Fleury, a member of the Manitoba Métis Federation, stressed during the town halls that a May 2 midday shooting by a group of people in a parking lot in Thunder Bay was not normal.
“We can’t accept that this is normal behaviour,” Fleury says. “So those are one of the things we’re going to keep an eye on and really work hard towards and I want input back on how that’s going.”
Fleury says he loved hearing from the Indigenous leaders during the two town halls, including Fort William’s Michele Solomon, who attended both town halls and was later elected as Chief during Fort William’s May 27 election.
“When we talk about working together, I want to hear their opinions, I want to hear their advice, I want to hear what ideas they have, I want to hear the concerns they have,” Fleury says. “I want everybody to understand that we can work and develop the programs that are going to suit everybody, and if they don’t give me that information, it’s going to be hard for me to adapt that.”

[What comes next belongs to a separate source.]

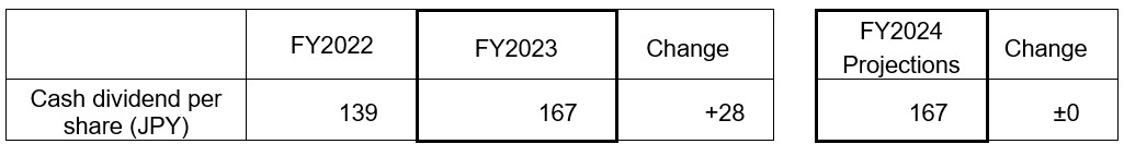 Concerning cash dividends for the fiscal year under review, after considering consolidated business results for the fiscal year under review and future business prospects, the Company is planning to increase the year-end common stock dividend per share by JPY 23 from the earlier projection of JPY 72 per share. As a result, the year-end cash dividend for the fiscal year under review should amount to JPY 95 per share. Annual cash dividends should total JPY 167 per share, including the interim cash dividend which has already been paid, and which shows an increase of JPY 28 per share from the previous fiscal year, ended March 31, 2023. Accordingly, the consolidated payout ratio will translate into 40.1%. This dividend amount will be proposed to the 155th ordinary general meeting of shareholders (scheduled for June 19, 2024).

Fleury says they are planning to hold more town halls in the fall once people are back from the summer holidays.
“That will give us a few months to see where things are going,” Fleury says. “And then a little bit further into the late fall-early winter, we’ll do some more and have a really good feeling on how things are going.”
Fleury says he is enjoying himself in his new role.
“Everybody’s been fantastic, even the feedback tonight is exactly what we wanted to hear,” Fleury says. “People have concerns but they’re positive that we’re going to be moving things forward and seeing some changes. I feel really comfortable here in Thunder Bay — I’ve met a lot of great people all with the same focus on working together, making the changes we need to make, learning from the stuff that we had in the past, and really doing our best, so I’m in a really good spot.”
Solomon says it was important to have the town halls for people to express their concerns about issues in the community.
“It’s a really wise step by the new chief, Darcy Fleury,” Chief Solomon says. “I’m really here to listen to what he has to say and to listen to what the people in Thunder Bay have to say because at the end of the day Fort William First Nation needs to have an important relationship with the City of Thunder Bay and the services that are in the city.”